According to the newspaper’s sources, the negotiations took place against the backdrop of a rocky relationship between Russia and the US, but “they could not end another way”. “The mutual advantage of this agreement is obvious to everyone,” the sources said. The contract was signed last summer (the amount has not been disclosed), and it is to be fulfilled by 2021. Energomash did not provide the newspaper with official comments.
Rogozin told Kommersant that Russia would continue to ship missile engines to the United States, if its American partners want it. “Despite the massive pressure customers of these engines are coming under in the US from the ruling American class and the Congress, so far there is no alternative,” he said, referring to it as “mutual dependence.” “This is profitable for us, because it brings money that we invest into re-equipping and creating new enterprises,” he added.
According to a Kommersant source close to Roscosmos’ management, so far dependence on US purchases of rocket engines is critical for Energomash. No other country is simply ready to start purchasing multiple (more than 10 units) engine batches. Single supplies, in turn, do not exactly meet the interests of Russia.”
A few notable remarks stand out like “mutually beneficial cooperation”, “[the negotiations] could not end another way”, “so far there is no alternative”, “mutual dependence”, and “this is profitable for us because it brings money that we invest into re-equipping and creating new enterprises”. These official government pronouncements on such an important topic clearly won’t please the “super patriots” who will probably frame them as a “humiliating capitulation” to the US, but the reality is that they’re actually evidence of Russia’s masterful international statecraft that’s appreciated by its mature supporters who understand the deeper nuances that they suggest.

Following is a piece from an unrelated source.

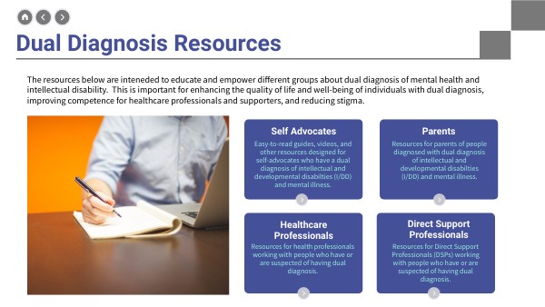 The resources below are inteneded to educate and empower different groups about dual diagnosis of mental health and intellectual disability. This is important for enhancing the quality of life and well-being of individuals with dual diagnosis, improving competence for healthcare professionals and supporters, and reducing stigma.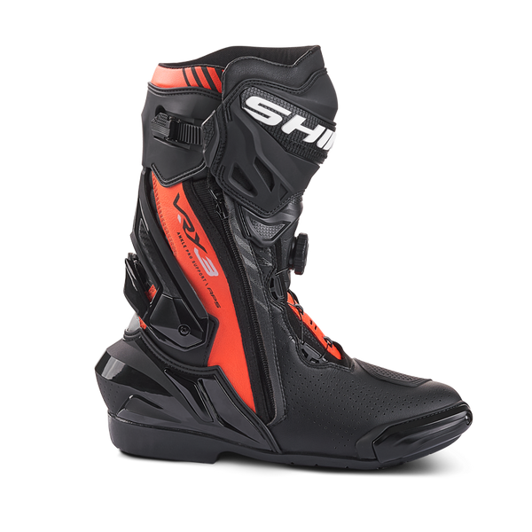 Zaprojektowane z myślą o maksymalnej ochronie i komforcie podczas sportowej jazdy. Pod względem konstrukcyjnym wykonane są z wysokiej jakości skóry i zamszu, które cechuje zwiększona odporność na uszkodzenia. Na przodzie znajduje się perforacja, która umożliwia dopływ chłodnego powietrza. Cholewka butów jest wyprofilowana, co znacznie ułatwia przyjęcie pochylonej pozycji na motocyklu. O bezpieczeństwo nóg dba system APS™, który usztywnia staw skokowy, chroniąc go przed niepożądaną kontuzją. Wzmocniono także obszar pięt, palców i kostki. Model VRX-3 wyposażony jest w slidery SAP™ na palcach, które w razie zużycia łatwo i sprawnie wymienisz na nowe. Odblaski umieszczone na pięcie zwiększają bezpieczeństwo bierne. Wygodne zakładanie butów zapewnia boczny zamek, a za pomocą innowacyjnego zapięcia ATOP zyskasz idealne i wygodne dopasowanie. Obszar, gdzie but styka się z dźwignią zmiany biegów, wzmocniono specjalną nakładką. Antypoślizgowa i wyprofilowana podeszwa gwarantuje bardzo dobrą przyczepność na podnóżku motocykla, jak i na asfalcie.

To explain, one needs to clear their mind of all preconceived notions related to Russia and accept the fact that it’s neither a “struggling gas station with nukes” nor an “oil-rich multipolar paradise” but a promising economy that’s been damaged in some respects by the US’ sectoral sanctions. Although Russia is working towards “de-dollarization”, this is a long-term goal that probably won’t be accomplished anytime soon. Given this sobering state of affairs, it’s reasonable that Russia would continue selling rockets to the US as a de-facto form of “sanctions relief” that injects a flush of hard currency into its coffers, much, it must be said, to the chagrin of its adversary’s “super patriots” who don’t understand that “so far there is no alternative” for their country because of the “mutual dependence” between it and Russia in this regard. Put another way, both parties need each other, and the arrangement is indeed an example of “mutually beneficial cooperation” because it provides an element of stability to the New Cold War.

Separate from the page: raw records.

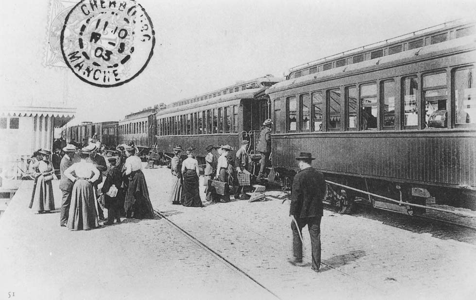 Very early the Compagnie Generale Transatlantique, known as the French Line, had emigrants' specials Basle - Le Havre. The only de-Luxe expresses connecting with Ocean steamers on the European continent were the French "Trains Transatlantiques" from Paris to Cherbourg and Le Havre. A highlight was the French Line's white Train de Luxe from 1889. The Wagons-Lits company CIWL continued the service with varnished teak saloons. From 1931 until WWII the Transatlantiques were equipped with green/turquoise colored "voitures-salons" of ETAT railways with superb CIWL service. Another sensation on that line were the 3-unit Bugatti railcar sets. From 1944 the Allied military trains occupied the tracks. When the Transatlantique had its last run in 1974, it was a simple SNCF train.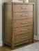This chest sits comfortably at the intersection of modern lodge and farmhouse aesthetics. Your warm and welcoming disposition is reflected in the charming architectural elements and light brown glazed finish. Even with its poise, the chest remains practical. Smooth-gliding drawers tuck away necessities, defining your bedroom with reliable function and style.
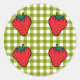 Strawberries on Green Gingham Classic Round Sticker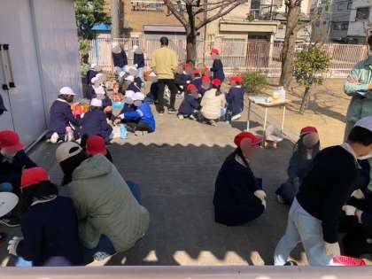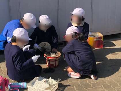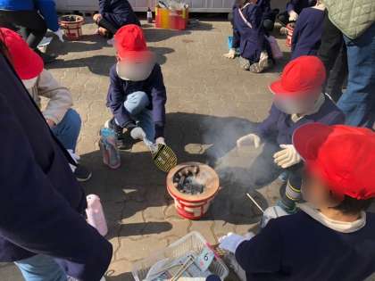 総合的な学習の時間に七輪体験をしました。七輪に火を起こしてお餅を焼いて食べる活動です。どの班もなかなか火が起こらず苦戦していました。ボタン一つで簡単に火を扱える時代に生きている子どもたち、昔の方の苦労や工夫などを感じ取れる時間になりました。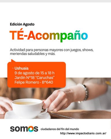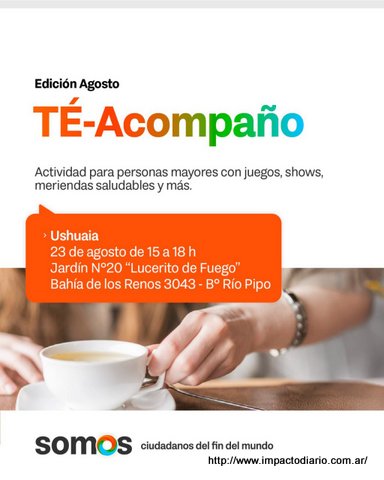 Durante el mes de agosto la ciudad de Ushuaia volverá a ser escenario de nuevas jornadas del programa Té Acompaño, una propuesta que sigue creciendo y consolidándose como espacio de encuentro, contención y disfrute para las personas mayores en los distintos barrios de la ciudad.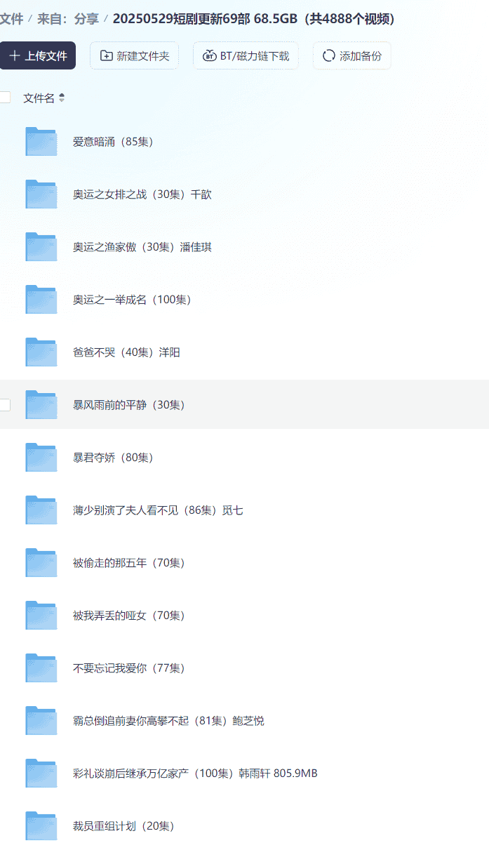 【短剧】20250529短剧更新69部 68.5GB(共4888个视频)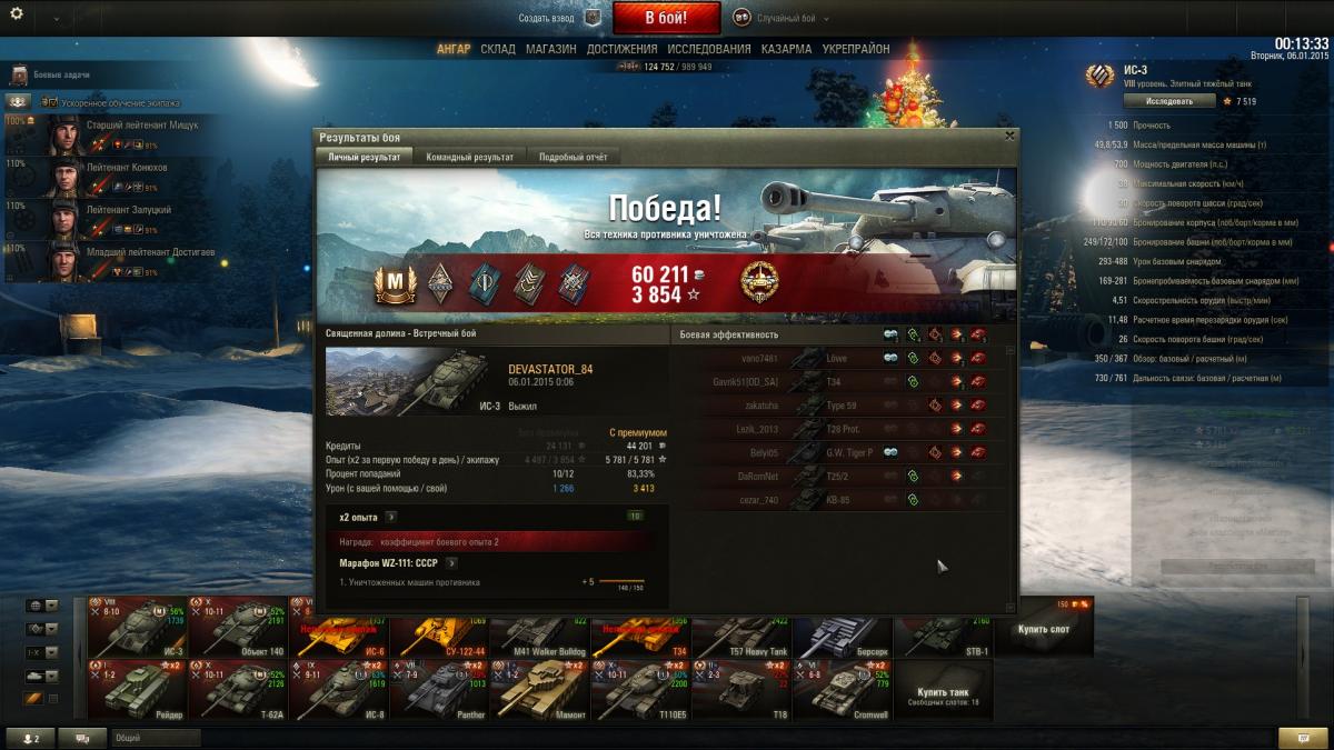 Всё началось вчера, когда я в одном бою двумя последовательными выстрелами башни двух ИС-3 в полёт отправил. Думал везенье.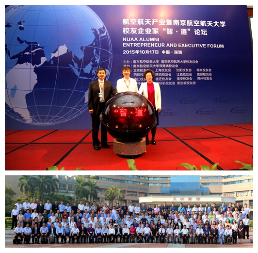 找定位,服务校友成长。2015年10月17日至18日,校友企业家“智•道”论坛在深圳举行。论坛结合了国家形势、学校特色、校友需求,以“仰望天空”和“金融在线”和“创业创新”三个主题为主线,以主旨演讲,高峰对话,分论坛讨论和企业考察相结合的形式展开。来自22个地区,包括航空航天民航领域、金融领域、创业创新领域的史坚忠、孙泽洲、黄领才、倪泽望、蔡晓庆、张云峰、周乐力、蔡奎、高云峰、卢耀普、童永胜等300余位校友参加,嘉宾云集,高朋满座,各领域校友通过此次论坛同台交流,真诚对话。深圳市副市长吴以环在开幕式上做了讲话。中国商用飞机有限责任公司副总经理史坚忠、深圳市副市长吴以环、南京航空航天大学校长聂宏共同为论坛揭幕。论坛内容丰富充实,程序合理流畅,会场庄重大气,达到开放、高效、有益、国际范的水平和标准。

If the US had other reliable suppliers of rockets than Russia, then it wouldn’t ever provide de-facto “sanctions relief” to Moscow; likewise, if Russia had other reliable buyers of its rockets, it wouldn’t ever facilitate Trump’s “Space Force”. In both instances and under the present international conditions of unprecedented tensions between these two nuclear-armed Great Powers, whichever of the two parties that would be “left out in the cold” by their counterpart diversifying either their suppliers or buyers could be pushed into a position to take radical measures such as those routinely advocated for by their “super patriots”, which could seriously push the world towards war. However, because of the “mutual dependence” between them, that hasn’t yet happened, though it needs to be recognized that this relationship will probably change with time. Nevertheless, for at least the next couple of years, it’s a brilliant example of how Russia is able to leverage its monopoly on providing space rockets to the US in order to have Washington undermine its own sanctions policy to Moscow’s benefit.